Problem details:
Look through the listing below and write out exactly the lines from the line with "Anche dal punto" to the line with "感染症の早期発見と情報の収集", both included, and no others.

Data provided:
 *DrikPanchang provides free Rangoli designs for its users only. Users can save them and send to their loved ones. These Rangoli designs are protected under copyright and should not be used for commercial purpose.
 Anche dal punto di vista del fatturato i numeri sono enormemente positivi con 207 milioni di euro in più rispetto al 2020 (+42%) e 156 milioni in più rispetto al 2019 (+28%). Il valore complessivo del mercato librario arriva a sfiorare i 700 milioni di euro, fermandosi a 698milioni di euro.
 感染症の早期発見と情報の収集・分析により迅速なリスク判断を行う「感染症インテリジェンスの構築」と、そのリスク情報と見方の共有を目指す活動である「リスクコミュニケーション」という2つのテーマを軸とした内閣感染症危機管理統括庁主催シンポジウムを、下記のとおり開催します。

* * *

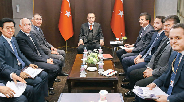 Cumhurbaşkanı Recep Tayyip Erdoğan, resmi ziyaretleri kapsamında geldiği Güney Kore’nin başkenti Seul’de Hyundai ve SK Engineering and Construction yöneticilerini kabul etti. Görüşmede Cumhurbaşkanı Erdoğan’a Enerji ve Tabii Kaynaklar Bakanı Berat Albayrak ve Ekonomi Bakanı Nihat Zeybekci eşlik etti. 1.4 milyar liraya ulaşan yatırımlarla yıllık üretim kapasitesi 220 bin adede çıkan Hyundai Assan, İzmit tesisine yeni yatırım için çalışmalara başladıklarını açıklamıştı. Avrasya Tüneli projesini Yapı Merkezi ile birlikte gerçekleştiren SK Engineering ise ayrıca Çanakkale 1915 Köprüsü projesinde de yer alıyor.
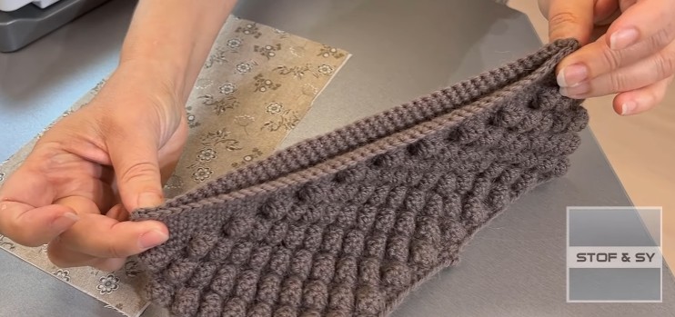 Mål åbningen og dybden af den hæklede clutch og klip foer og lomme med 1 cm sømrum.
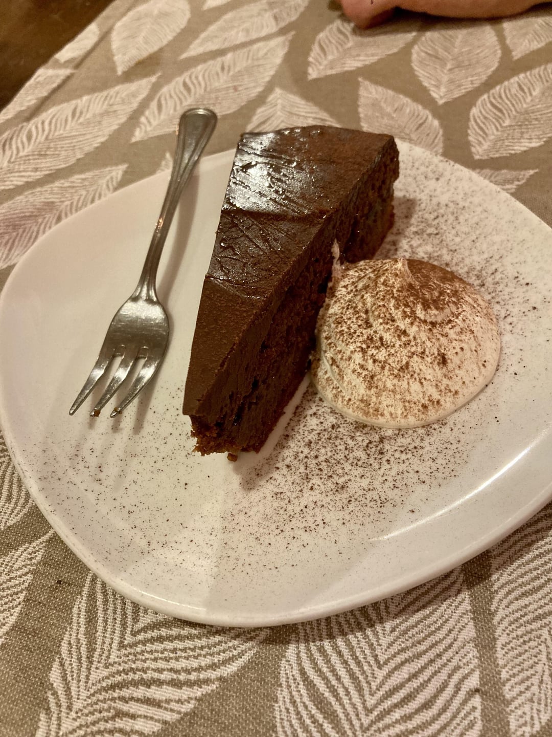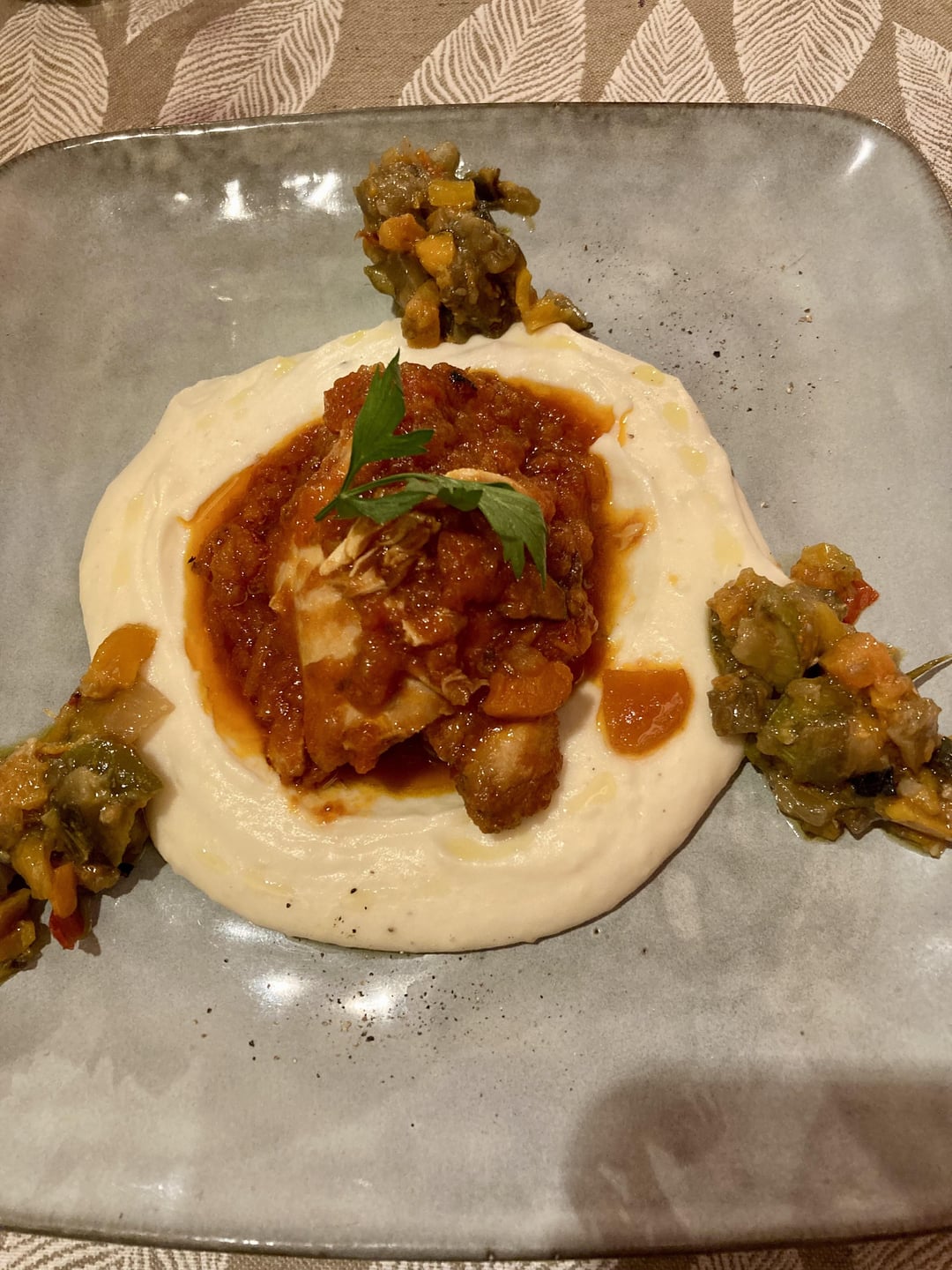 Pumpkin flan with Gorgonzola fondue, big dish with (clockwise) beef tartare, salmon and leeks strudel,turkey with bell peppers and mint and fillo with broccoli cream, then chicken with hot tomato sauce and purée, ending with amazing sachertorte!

Result:
 Anche dal punto di vista del fatturato i numeri sono enormemente positivi con 207 milioni di euro in più rispetto al 2020 (+42%) e 156 milioni in più rispetto al 2019 (+28%). Il valore complessivo del mercato librario arriva a sfiorare i 700 milioni di euro, fermandosi a 698milioni di euro.
 感染症の早期発見と情報の収集・分析により迅速なリスク判断を行う「感染症インテリジェンスの構築」と、そのリスク情報と見方の共有を目指す活動である「リスクコミュニケーション」という2つのテーマを軸とした内閣感染症危機管理統括庁主催シンポジウムを、下記のとおり開催します。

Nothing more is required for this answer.